In an exception to this neglect, the Japanese anatomist Fujiwara was in fact able to partially confirm Kim's results (2, 3) but his work has not attracted much attention either. Only very recently have certain investigators rediscovered the intravascular threadlike structure using a slow perfusion method in rats and rabbits (4, 5) as well as threadlike structures on the internal organ surfaces of rabbits and rats (6, 7, 8). Even though Kim claimed the existence of the threadlike structure inside lymphatic vessels, he did not present any photographic evidence. As far as no one has been able to confirm his claim, including Fujiwara, mainly because Kim's method had not been disclosed.

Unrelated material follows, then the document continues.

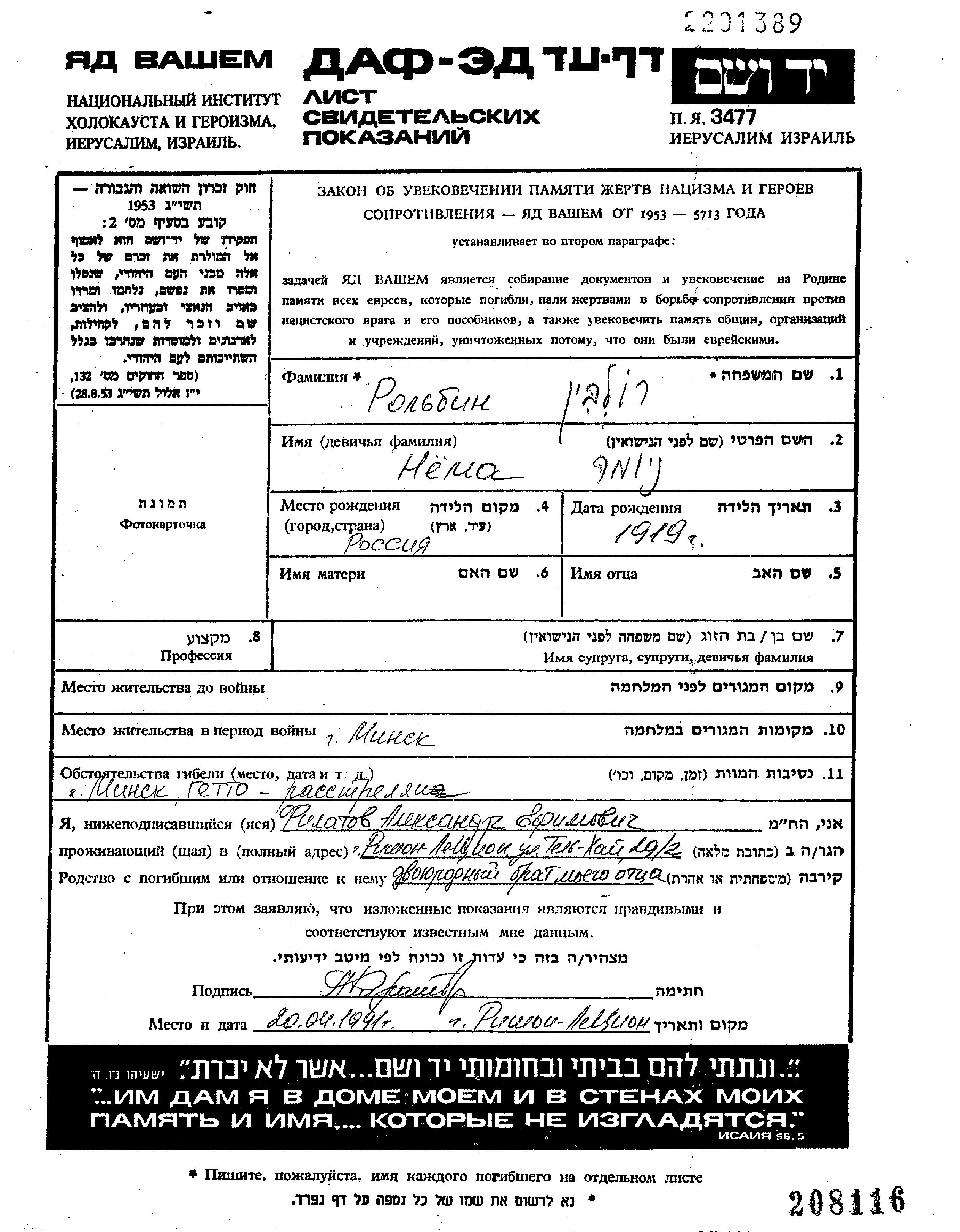 Nema Rolbin est né à Russie (URSS) en 1919. Il était Célibataire. Au cours de la guerre, il était à Minsk, Bélorussie (URSS).

Since quite early after the discovery of the lymphatic vessel, its anatomical structure and physiological function have been thought to be mostly, if not completely, understood (9). It is firmly established that there is present a flow of liquid, which includes lymphocytes in the lumen of the lymphatic vessel, and no other structure inside the lymphatic vessel is known.

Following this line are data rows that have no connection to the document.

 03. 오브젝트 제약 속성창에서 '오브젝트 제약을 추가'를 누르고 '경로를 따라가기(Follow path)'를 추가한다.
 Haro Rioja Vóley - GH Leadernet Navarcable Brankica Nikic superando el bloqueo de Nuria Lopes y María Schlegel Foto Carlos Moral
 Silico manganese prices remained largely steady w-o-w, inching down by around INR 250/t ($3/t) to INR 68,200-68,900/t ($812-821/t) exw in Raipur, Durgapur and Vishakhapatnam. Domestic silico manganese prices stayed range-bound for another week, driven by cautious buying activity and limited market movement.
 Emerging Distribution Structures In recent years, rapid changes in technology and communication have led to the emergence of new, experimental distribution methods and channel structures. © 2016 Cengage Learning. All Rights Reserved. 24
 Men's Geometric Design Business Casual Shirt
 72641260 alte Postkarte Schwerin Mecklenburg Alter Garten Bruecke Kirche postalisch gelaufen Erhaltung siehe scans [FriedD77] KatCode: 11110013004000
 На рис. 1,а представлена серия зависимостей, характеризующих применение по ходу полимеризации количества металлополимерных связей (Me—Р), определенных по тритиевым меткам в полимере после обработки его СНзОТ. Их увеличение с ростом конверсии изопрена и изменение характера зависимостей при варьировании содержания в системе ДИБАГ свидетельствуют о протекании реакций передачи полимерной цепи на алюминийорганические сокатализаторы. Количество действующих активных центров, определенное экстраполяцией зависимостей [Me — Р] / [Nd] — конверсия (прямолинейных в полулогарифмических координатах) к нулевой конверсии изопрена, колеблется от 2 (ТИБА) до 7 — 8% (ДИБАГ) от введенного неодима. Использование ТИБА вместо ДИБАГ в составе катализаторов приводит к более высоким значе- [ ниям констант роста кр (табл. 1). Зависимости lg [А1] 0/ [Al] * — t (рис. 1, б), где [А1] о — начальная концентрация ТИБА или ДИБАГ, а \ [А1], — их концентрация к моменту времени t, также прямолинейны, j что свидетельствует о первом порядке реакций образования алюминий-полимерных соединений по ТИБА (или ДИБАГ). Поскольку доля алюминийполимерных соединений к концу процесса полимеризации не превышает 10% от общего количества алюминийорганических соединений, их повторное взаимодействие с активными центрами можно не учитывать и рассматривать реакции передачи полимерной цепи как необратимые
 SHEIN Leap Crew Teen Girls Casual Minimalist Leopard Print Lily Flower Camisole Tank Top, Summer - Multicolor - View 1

The existence of this novel structure was not noticed previously because it is extremely difficult to detect it by microscopic inspection of lymphatic vessels. In Western studies of anatomy, there is not even the slightest mention of intravascular threadlike structures afloat inside lymphatic vessels (10). The fact that such structures exist on a meso-scale (with thicknesses on the order of 20 μm) and have not been noticed at all in numerous surgical operations is quite a surprise. Undoubtedly, their optical transparency makes them extremely difficult to detect.

SUMMARY OF THE INVENTION

To resolve the problem that the intravascular threadlike structure floating inside a

lymphatic vessel has not been visualized, the inventors of the present invention have found a novel method which utilizes magnetic nanoparticles which stained heavily the novel structure so that direct manifestation was achieved. Thus it is surprising to discover a threadlike structure afloat inside lymphatic vessels that does not adhere to the vessel wall. It rightly sounds extremely unlikely that threadlike structures of a diameter of about 20 μm could have gone unnoticed despite the many surgeries and studies on the lymphatic vessels throughout the world.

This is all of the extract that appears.